10 December 2025
Vitalik Buterin, co-founder of Ethereum, recently noted that there's a significant chance—around 20%—that quantum computers could break current cryptographic security before 2030. This prospect has enormous implications for Ethereum's security and calls for proactive measures. But it's not just a theoretical exercise; in practice, it could have far-reaching consequences for investors and developers within the ecosystem.

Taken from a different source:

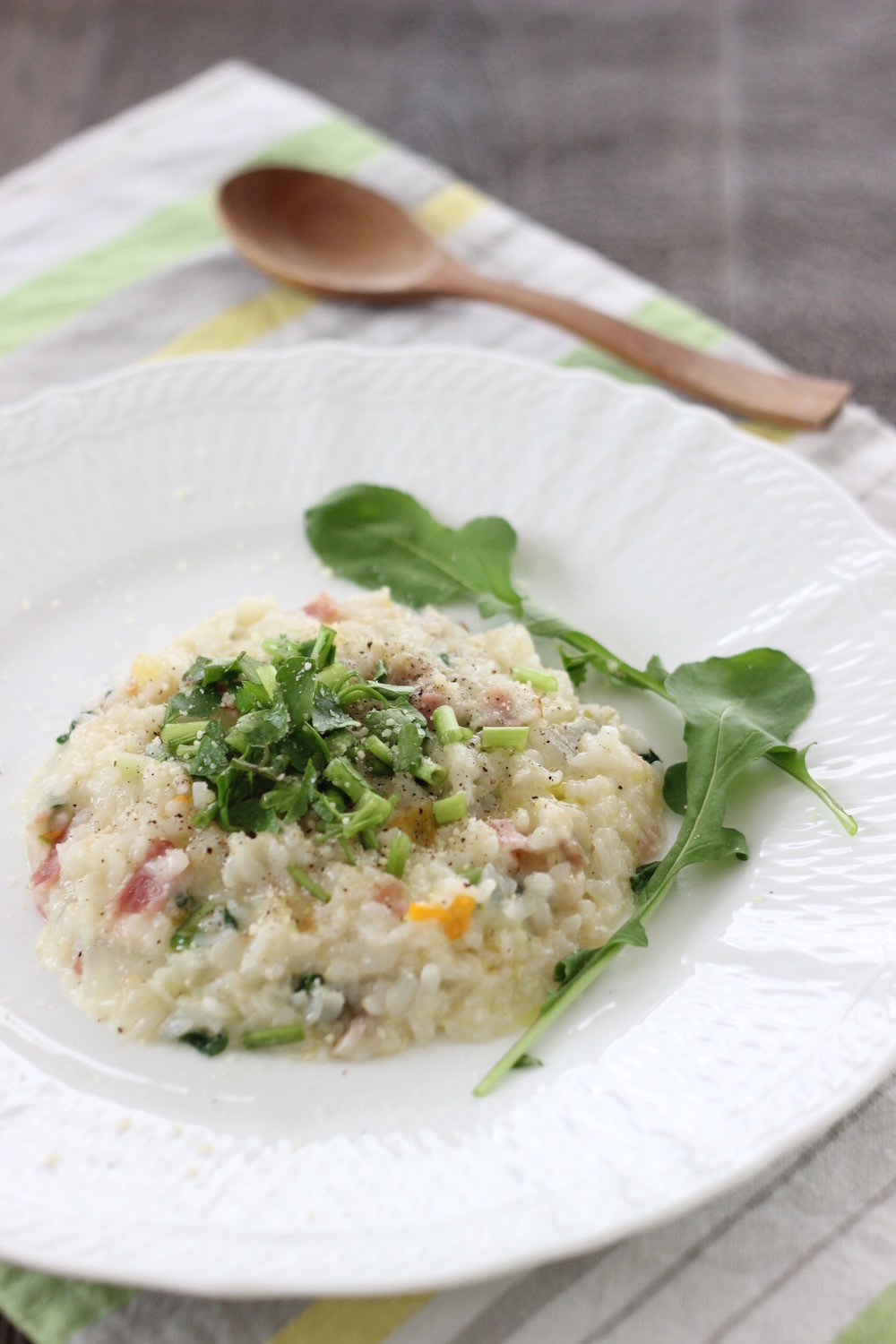 冬野菜を入れたほっこり温まる優しい味のリゾットです。胚芽玄米と白米を半々にして炊いたご飯から作りました。

The risks are particularly associated with the elliptic curve digital signature algorithms (ECDSA) that Ethereum and Bitcoin use. Once a public key is exposed on the blockchain, a powerful quantum computer can theoretically use this key to determine the corresponding private key. This means that if a public key is ever exposed, the security of that key is compromised. wallet at risk in a future quantum attack.
Ethereum's security relies on the elliptic curve discrete logarithm (ECDLP) equation. Ethereum uses the secp256k1 elliptic curve for digital signatures. The process is relatively simple: your private key is a large random number, your public key is a point on the elliptic curve derived from this private key, and your address is a hash of that public key.

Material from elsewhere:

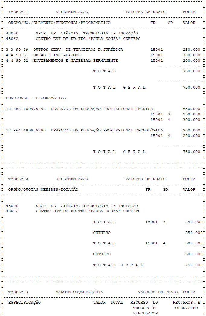 Artigo 1° - Fica aberto um crédito de R$ 750.000,00 (setecentos e cinquenta mil reais), suplementar ao orçamento da Centro Estatual de Educação Tecnológica Paula Souza - CEETEPS, observando-se as classificações Institucional, Econômica, Funcional e Programática, conforme a Tabela 1, anexa.

On classical hardware, it's easy to go from a private key to a public key, but going back is considered nearly impossible. This asymmetry makes a 256-bit key practically impenetrable. Quantum computers, however, threaten this asymmetry. Shor's algorithm demonstrates that a powerful quantum computer can solve the discrete logarithm equation, which undermines the foundations of numerous cryptographic systems, including the ECDSA.
The Internet Engineering Task Force and the National Institute of Standards and Technology (NIST) now recognize that classical elliptic curve systems are vulnerable to cryptographically relevant quantum computers. This means that while the public key appears secure for now, the risks increase once a transaction is sent and the public key becomes visible on the blockchain. For many users and smart contracts, this means their wallets are compromised once it is exposed.

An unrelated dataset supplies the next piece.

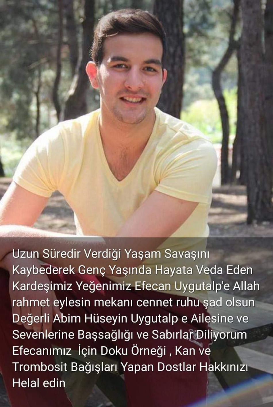 Pınarbaşı semti Kemalpaşa Mahallesi eski Muhtarı ve CHP ilçe yöneticisi Hüseyin Uygutalp'ın sevgili oğlu Efecan uzun zamandır Ege Üniversitesi Tıp Fakültesi Hastanesin'de tedavi altındaydı.

Buterin's recent statements are twofold. First, he points to projections from Metaculus, which estimate the probability that quantum computers will be able to break current public cryptography before 2030 at around 20%—with the median prediction around 2040. This suggests that even in the long run, the risk is too significant to ignore.
He also suggested on Devconnect that there's a chance ECDSA will become unsafe before the 2028 US presidential election. Comparisons to safety engineering are appropriate here; while the risk of a major earthquake isn't enough to evacuate an entire city, it does justify strengthening the infrastructure.
Even before these recent warnings, Buterin outlined a "hard fork" plan in a 2024 post, which would allow Ethereum to respond to a potential quantum crisis. In the event of a quantum computing breakthrough that leaves users facing the loss of their ECDSA-secured wallets, Ethereum could consider rolling back the blockchain to the last uncompromised block, disrupting traditional externally custodial accounts (EOAs) to prevent further theft, and introducing newer transaction types.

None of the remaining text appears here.